*** Opening Extracted information ***

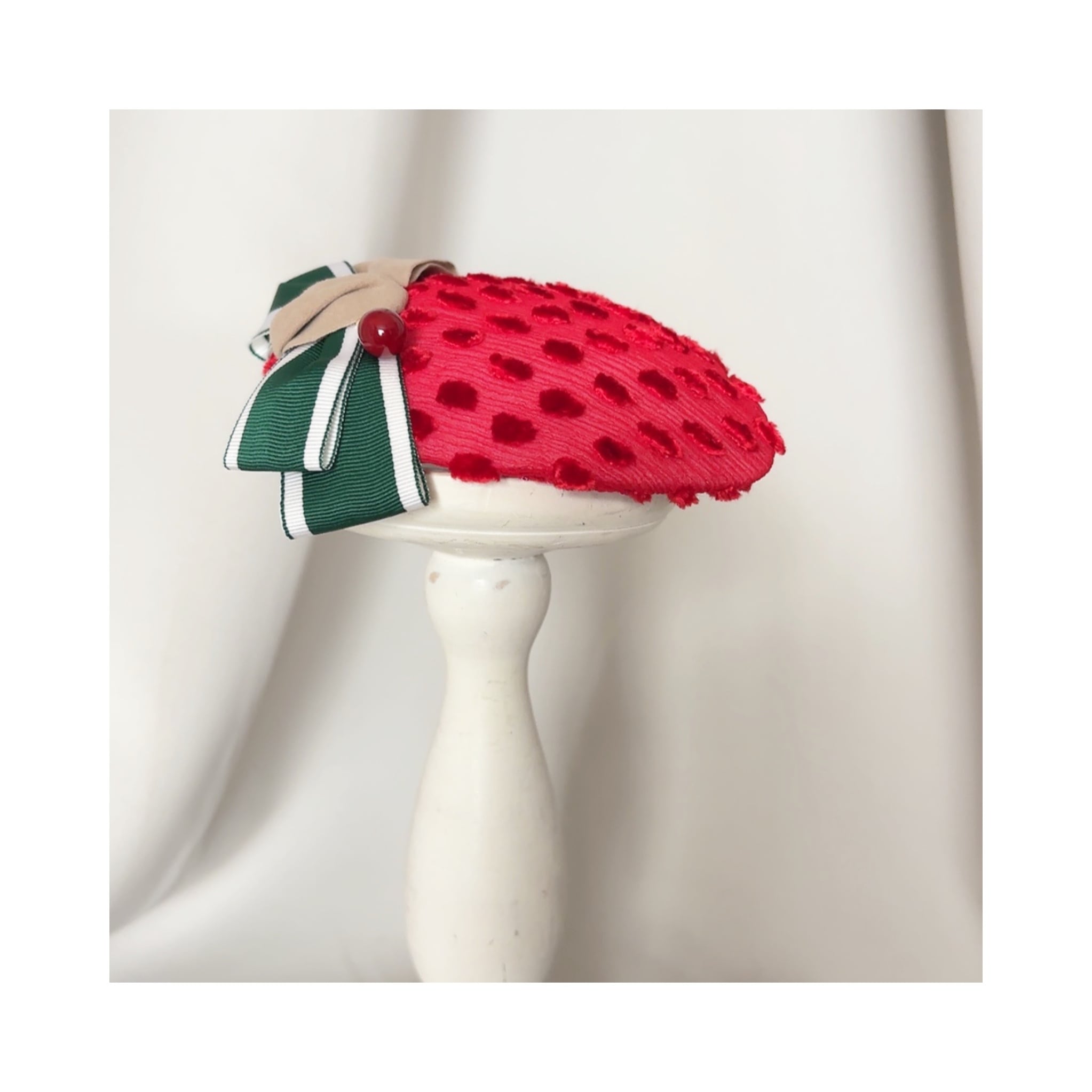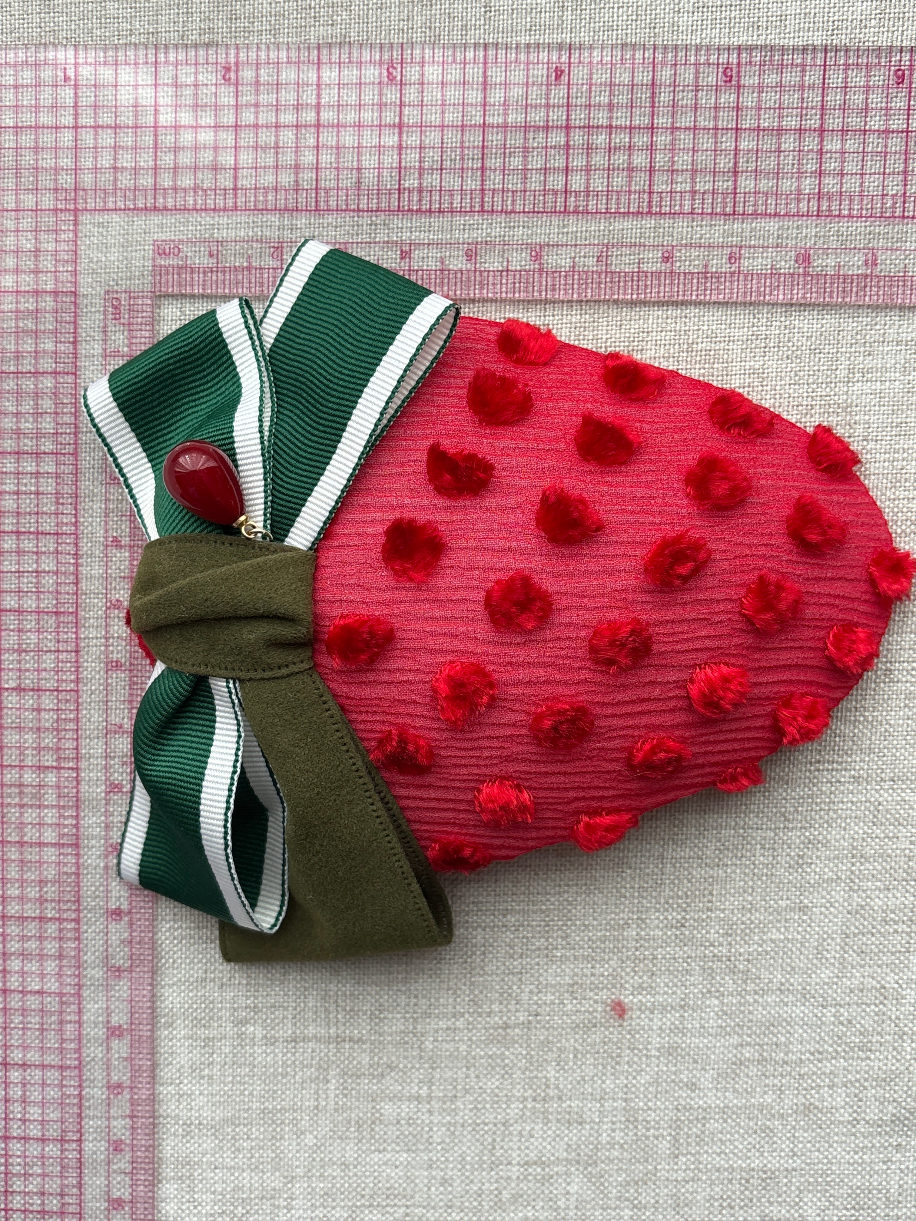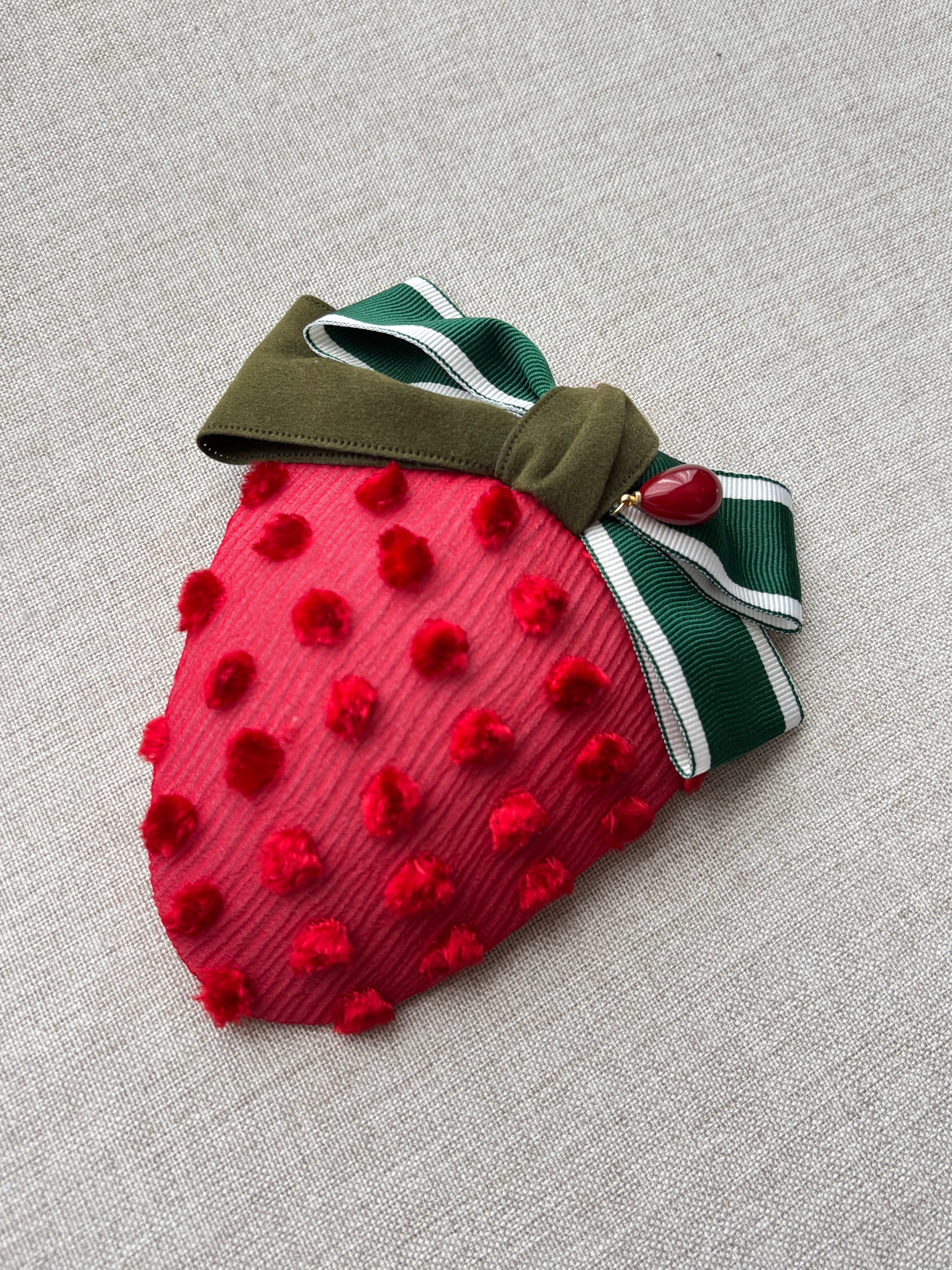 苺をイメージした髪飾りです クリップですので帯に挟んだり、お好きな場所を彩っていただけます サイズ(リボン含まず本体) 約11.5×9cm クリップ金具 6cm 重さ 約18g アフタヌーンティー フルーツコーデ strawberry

*** Closing Extracted information ***
*** Opening Extracted information ***

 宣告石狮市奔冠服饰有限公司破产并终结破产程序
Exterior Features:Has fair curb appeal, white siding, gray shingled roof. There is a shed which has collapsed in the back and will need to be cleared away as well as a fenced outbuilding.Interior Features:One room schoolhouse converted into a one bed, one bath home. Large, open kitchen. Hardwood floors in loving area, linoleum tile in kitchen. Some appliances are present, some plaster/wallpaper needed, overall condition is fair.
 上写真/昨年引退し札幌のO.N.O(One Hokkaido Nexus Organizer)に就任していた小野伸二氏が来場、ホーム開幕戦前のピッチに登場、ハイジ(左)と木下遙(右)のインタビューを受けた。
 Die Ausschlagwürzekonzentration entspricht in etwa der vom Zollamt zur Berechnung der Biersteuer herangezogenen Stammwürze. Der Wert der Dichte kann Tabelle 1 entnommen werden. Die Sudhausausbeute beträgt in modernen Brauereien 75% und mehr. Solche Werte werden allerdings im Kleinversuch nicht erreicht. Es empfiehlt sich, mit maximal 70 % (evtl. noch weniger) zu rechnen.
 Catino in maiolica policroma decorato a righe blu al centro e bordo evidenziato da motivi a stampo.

*** Closing Extracted information ***

__Problem details__: Extract the lines of the preceding material that run from the line with "宣告石狮市奔冠服饰有限公司破产并终结破产程序" through the line with "上写真/昨年引退し札幌のO.N.O(One Hokkaido Nexus", inclusive, reproducing them exactly and adding nothing.

__Answer for the task__:
 宣告石狮市奔冠服饰有限公司破产并终结破产程序
Exterior Features:Has fair curb appeal, white siding, gray shingled roof. There is a shed which has collapsed in the back and will need to be cleared away as well as a fenced outbuilding.Interior Features:One room schoolhouse converted into a one bed, one bath home. Large, open kitchen. Hardwood floors in loving area, linoleum tile in kitchen. Some appliances are present, some plaster/wallpaper needed, overall condition is fair.
 上写真/昨年引退し札幌のO.N.O(One Hokkaido Nexus Organizer)に就任していた小野伸二氏が来場、ホーム開幕戦前のピッチに登場、ハイジ(左)と木下遙(右)のインタビューを受けた。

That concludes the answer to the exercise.